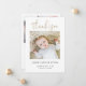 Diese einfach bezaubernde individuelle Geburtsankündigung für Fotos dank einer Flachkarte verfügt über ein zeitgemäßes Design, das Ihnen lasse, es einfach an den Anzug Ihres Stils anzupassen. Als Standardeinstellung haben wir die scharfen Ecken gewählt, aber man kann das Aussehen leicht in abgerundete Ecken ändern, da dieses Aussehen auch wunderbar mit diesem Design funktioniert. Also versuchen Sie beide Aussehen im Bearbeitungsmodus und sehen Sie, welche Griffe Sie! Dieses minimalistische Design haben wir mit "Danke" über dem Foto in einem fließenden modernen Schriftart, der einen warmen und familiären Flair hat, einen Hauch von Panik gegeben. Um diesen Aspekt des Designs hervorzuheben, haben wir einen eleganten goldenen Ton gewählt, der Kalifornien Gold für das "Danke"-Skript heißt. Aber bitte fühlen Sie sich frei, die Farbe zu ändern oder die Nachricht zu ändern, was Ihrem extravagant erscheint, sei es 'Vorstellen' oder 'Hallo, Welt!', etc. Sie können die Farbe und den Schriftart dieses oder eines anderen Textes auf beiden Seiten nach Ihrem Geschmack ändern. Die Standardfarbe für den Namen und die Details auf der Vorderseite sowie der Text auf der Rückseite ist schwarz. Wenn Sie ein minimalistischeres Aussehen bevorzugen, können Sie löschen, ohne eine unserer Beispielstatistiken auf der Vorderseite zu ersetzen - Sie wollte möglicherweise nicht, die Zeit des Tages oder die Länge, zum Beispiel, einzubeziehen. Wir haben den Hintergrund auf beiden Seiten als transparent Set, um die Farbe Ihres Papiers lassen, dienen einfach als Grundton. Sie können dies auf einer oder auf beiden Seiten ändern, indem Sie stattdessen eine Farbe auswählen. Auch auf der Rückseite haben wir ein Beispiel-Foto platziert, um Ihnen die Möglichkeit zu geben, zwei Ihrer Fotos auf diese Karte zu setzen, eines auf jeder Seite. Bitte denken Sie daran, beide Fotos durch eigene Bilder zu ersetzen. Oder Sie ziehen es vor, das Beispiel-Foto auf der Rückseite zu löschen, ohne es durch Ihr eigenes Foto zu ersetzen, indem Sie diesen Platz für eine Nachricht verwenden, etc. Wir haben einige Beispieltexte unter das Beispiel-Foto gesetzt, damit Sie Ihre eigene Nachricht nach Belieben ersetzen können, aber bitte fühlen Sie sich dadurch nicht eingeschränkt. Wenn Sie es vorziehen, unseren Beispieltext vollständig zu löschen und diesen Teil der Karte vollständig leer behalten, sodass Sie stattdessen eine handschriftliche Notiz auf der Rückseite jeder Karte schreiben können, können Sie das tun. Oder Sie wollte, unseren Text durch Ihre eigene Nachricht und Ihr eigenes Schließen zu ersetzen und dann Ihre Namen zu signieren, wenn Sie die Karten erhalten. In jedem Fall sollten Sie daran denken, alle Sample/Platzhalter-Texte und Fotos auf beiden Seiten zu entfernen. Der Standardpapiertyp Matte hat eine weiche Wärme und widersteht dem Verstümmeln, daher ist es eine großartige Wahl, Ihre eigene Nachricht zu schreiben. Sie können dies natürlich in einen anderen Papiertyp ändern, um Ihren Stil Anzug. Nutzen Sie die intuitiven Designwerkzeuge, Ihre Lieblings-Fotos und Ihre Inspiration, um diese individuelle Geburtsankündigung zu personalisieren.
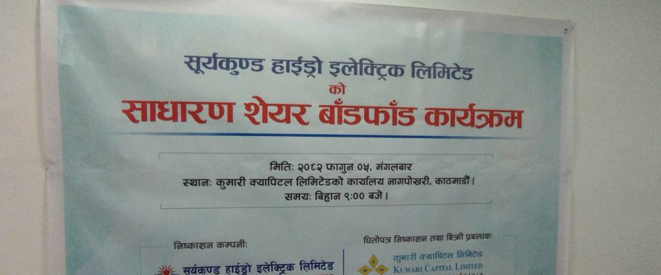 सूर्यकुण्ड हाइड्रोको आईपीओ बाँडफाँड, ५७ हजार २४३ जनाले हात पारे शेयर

* * *

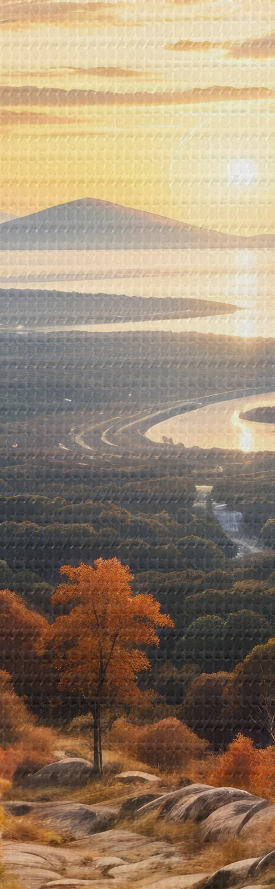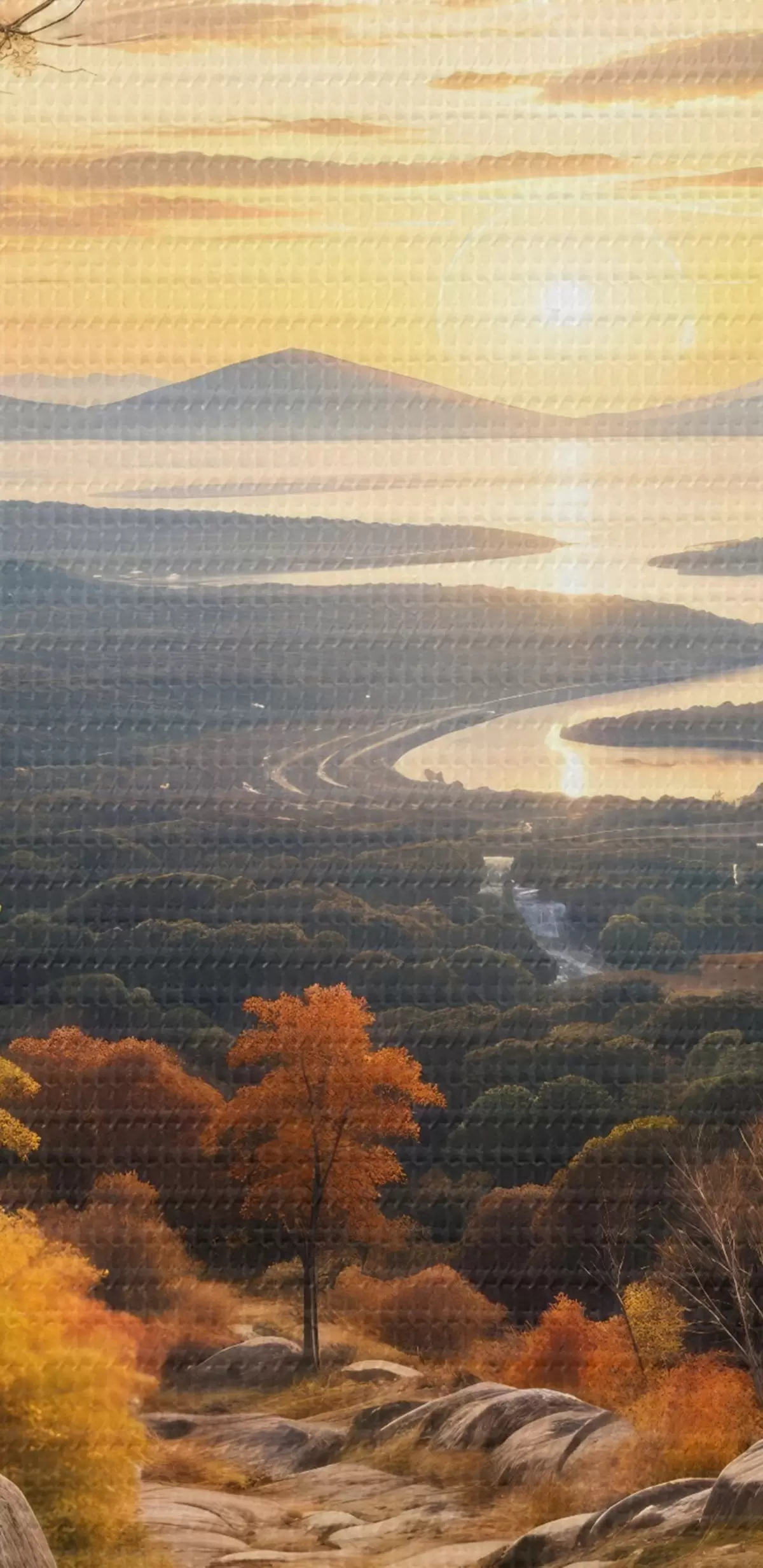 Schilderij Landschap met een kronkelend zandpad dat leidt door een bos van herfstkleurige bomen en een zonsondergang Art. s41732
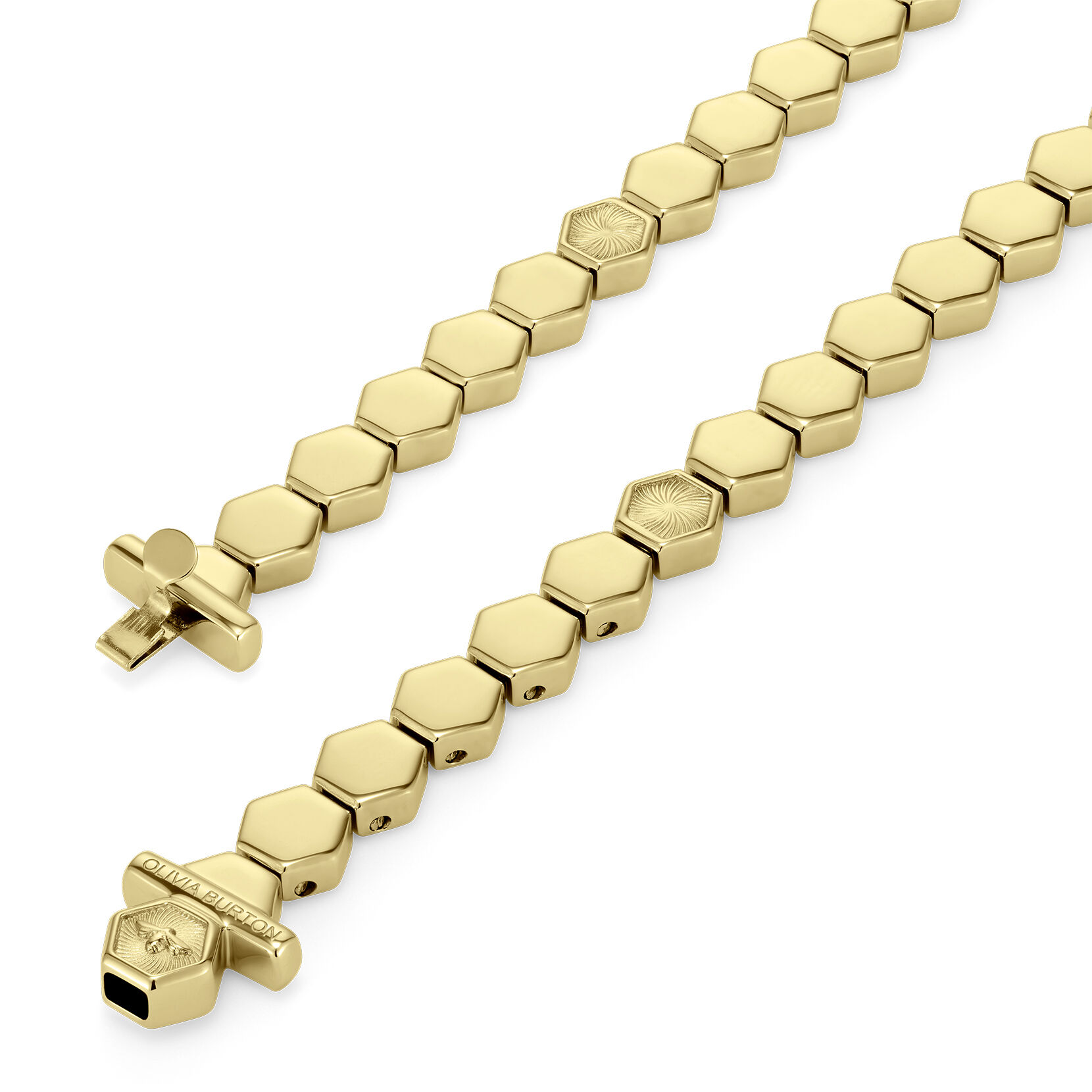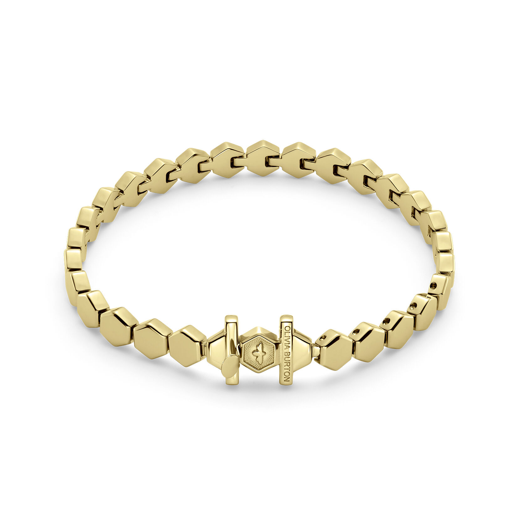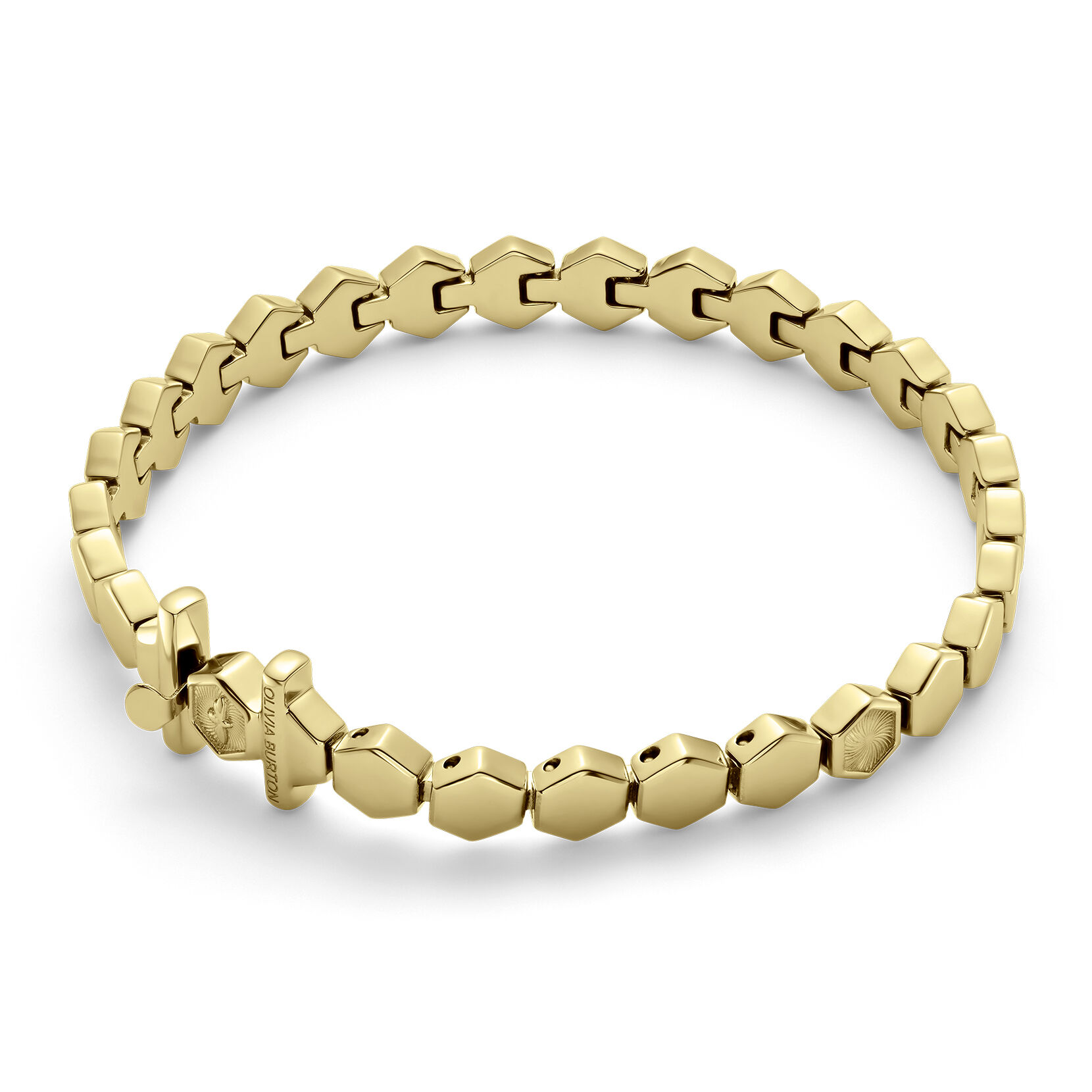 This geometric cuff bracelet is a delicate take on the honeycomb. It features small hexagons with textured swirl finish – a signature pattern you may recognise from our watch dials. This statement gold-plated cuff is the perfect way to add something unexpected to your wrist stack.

...

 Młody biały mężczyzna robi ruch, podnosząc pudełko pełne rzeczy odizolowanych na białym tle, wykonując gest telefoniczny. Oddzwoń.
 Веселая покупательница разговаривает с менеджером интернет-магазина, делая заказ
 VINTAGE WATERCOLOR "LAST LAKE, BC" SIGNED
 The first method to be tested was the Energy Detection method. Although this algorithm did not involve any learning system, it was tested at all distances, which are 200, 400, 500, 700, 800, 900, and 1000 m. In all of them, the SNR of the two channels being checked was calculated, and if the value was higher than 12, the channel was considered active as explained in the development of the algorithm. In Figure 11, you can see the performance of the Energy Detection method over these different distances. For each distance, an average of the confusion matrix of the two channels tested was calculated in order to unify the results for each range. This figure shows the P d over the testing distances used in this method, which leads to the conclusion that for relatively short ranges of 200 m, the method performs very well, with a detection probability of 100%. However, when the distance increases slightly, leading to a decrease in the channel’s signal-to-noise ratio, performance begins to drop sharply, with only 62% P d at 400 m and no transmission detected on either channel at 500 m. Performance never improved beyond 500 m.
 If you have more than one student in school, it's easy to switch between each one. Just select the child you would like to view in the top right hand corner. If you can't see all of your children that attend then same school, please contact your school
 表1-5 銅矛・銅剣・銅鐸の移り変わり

WORK REQUEST: Beginning with the line that contains "Schilderij Landschap met", write out the lines of the material above exactly, and end with the line that contains "This geometric cuff". Omit the pictures.

ANSWER TO THIS EXERCISE:
 Schilderij Landschap met een kronkelend zandpad dat leidt door een bos van herfstkleurige bomen en een zonsondergang Art. s41732
 This geometric cuff bracelet is a delicate take on the honeycomb. It features small hexagons with textured swirl finish – a signature pattern you may recognise from our watch dials. This statement gold-plated cuff is the perfect way to add something unexpected to your wrist stack.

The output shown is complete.